§ **What needs to be done**: Below are lines of records; copy exactly those from the one containing "No sábado (16), a" through the one containing "企业用钉钉为员工录入人脸信息,身后为新推出的智能人脸识别打卡机。 受访者供图", leaving the pictures behind.

[Data entries]
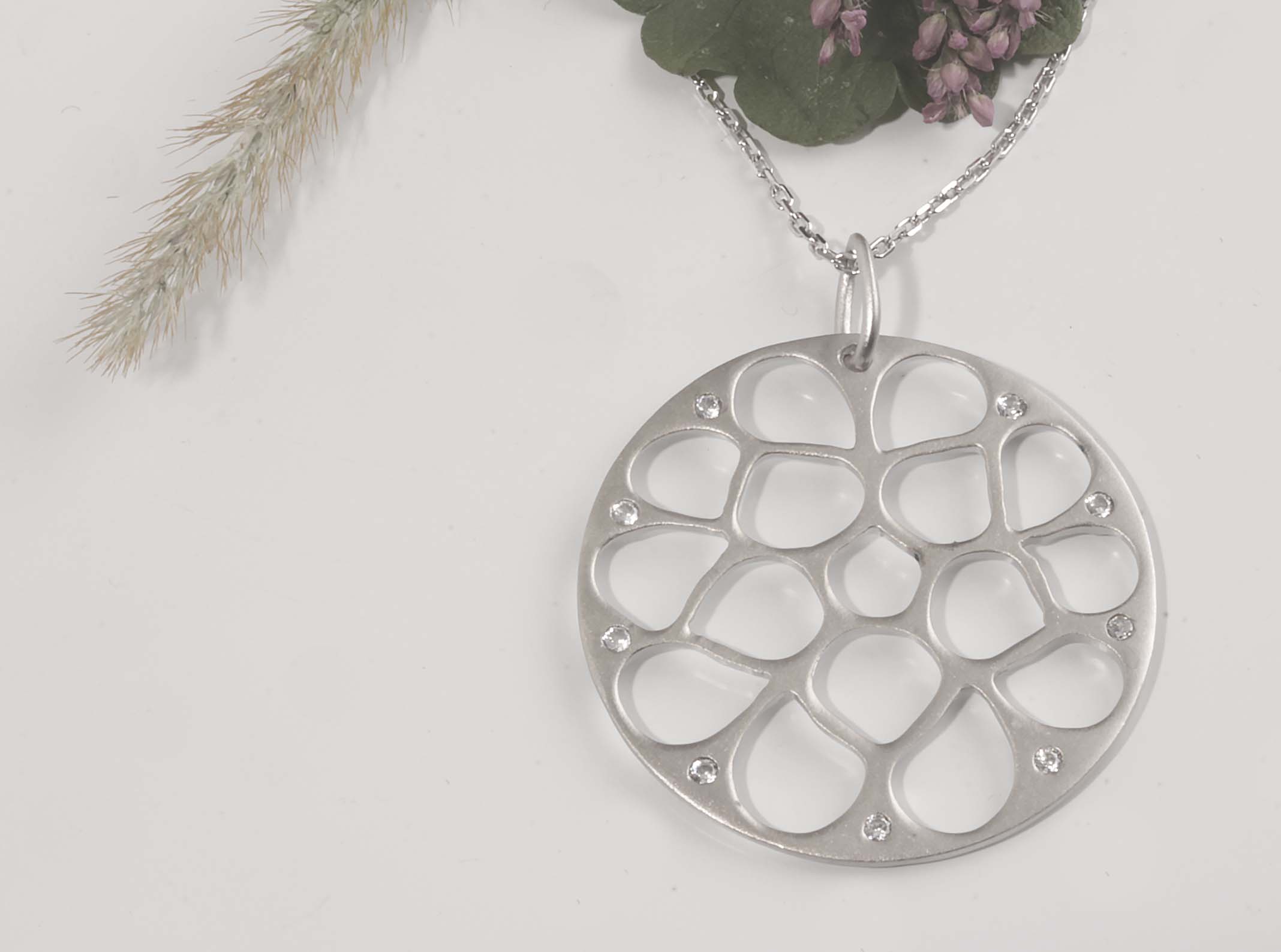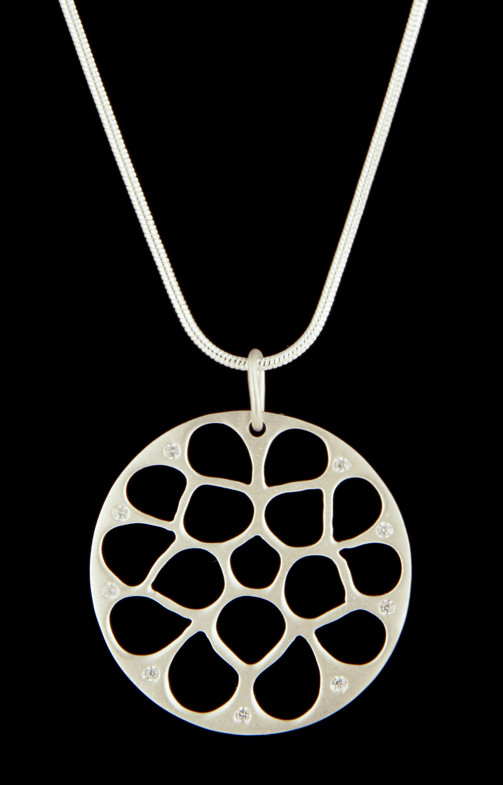 Sterling Silver 30mm Matte Finish Round Web w/ Burnished CZ Edge Pendant – Stock# 9347
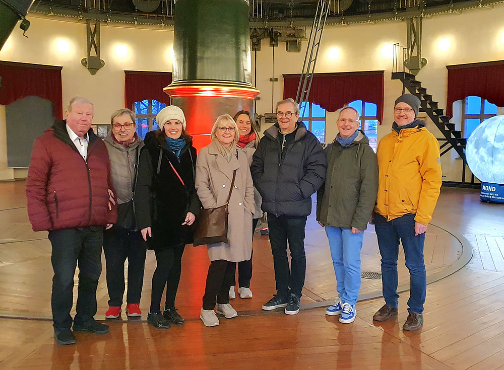Das nächste Highlight war der wissenschaftshistorisch bedeutende Große Refraktor mit einem Linsenteleskop aus dem Jahr 1899 (das viertgrößte der Welt). Das wunderschöne, historische Gebäude wird von einem Förderverein betreut und ist heute wieder in tadellosem Zustand. Die Beobachtungsabende, die regelmäßig kostenlos durchgeführt werden, sind meist innerhalb von Minuten ausgebucht. Glücklicherweise wurden für die Alumni Plätze reseviert. Wir waren dabei, als die große Luke der Sternwarte sich öffnete und das Teleskop ausgerichtet wurde. Die Sicht war sehr gut und so konnten wir an diesem Abend den Jupiter mit seinen Streifen und dem großen roten Fleck beobachten.
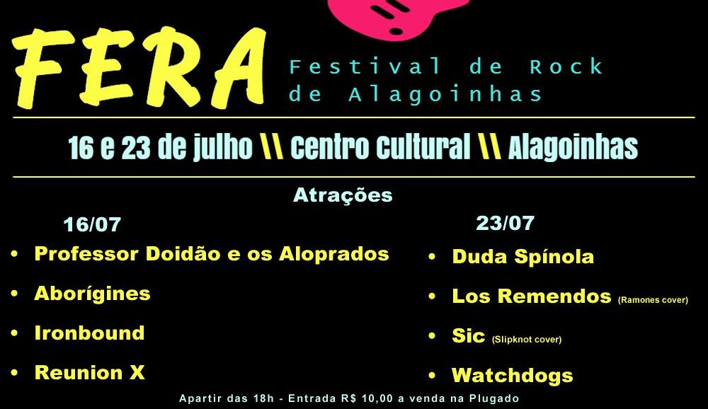 No sábado (16), a partir das 18 horas, acontece no Centro de Cultura o Festival de Rock de Alagoinhas (FERA) com quatro atrações. Na semana seguinte, no dia 23, outras quatro atrações realizarão apresentações para os amantes do rock e os não iniciados.
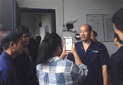 企业用钉钉为员工录入人脸信息,身后为新推出的智能人脸识别打卡机。 受访者供图
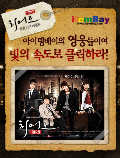 아이템베이는 ‘히어로’ 후원을 기념하고, 자사의 고객들과 함께 ‘히어로’를 응원하기 위해 드라마 방영 시간대에 자사 사이트(www.itembay.com)에서 금액제한 없이 사용할 수 있는 할인쿠폰 10,000원/5,000원/2,000원/1,000원권을 선착순으로 500명에게 제공하는 타임 이벤트를 진행한다. 이 이벤트는 드라마 방영일인 매주 수?목요일 밤 10시에 시작되며, 16부작 드라마가 종영될 때까지 계속된다.

§ **Result of this exercise**:
 No sábado (16), a partir das 18 horas, acontece no Centro de Cultura o Festival de Rock de Alagoinhas (FERA) com quatro atrações. Na semana seguinte, no dia 23, outras quatro atrações realizarão apresentações para os amantes do rock e os não iniciados.
 企业用钉钉为员工录入人脸信息,身后为新推出的智能人脸识别打卡机。 受访者供图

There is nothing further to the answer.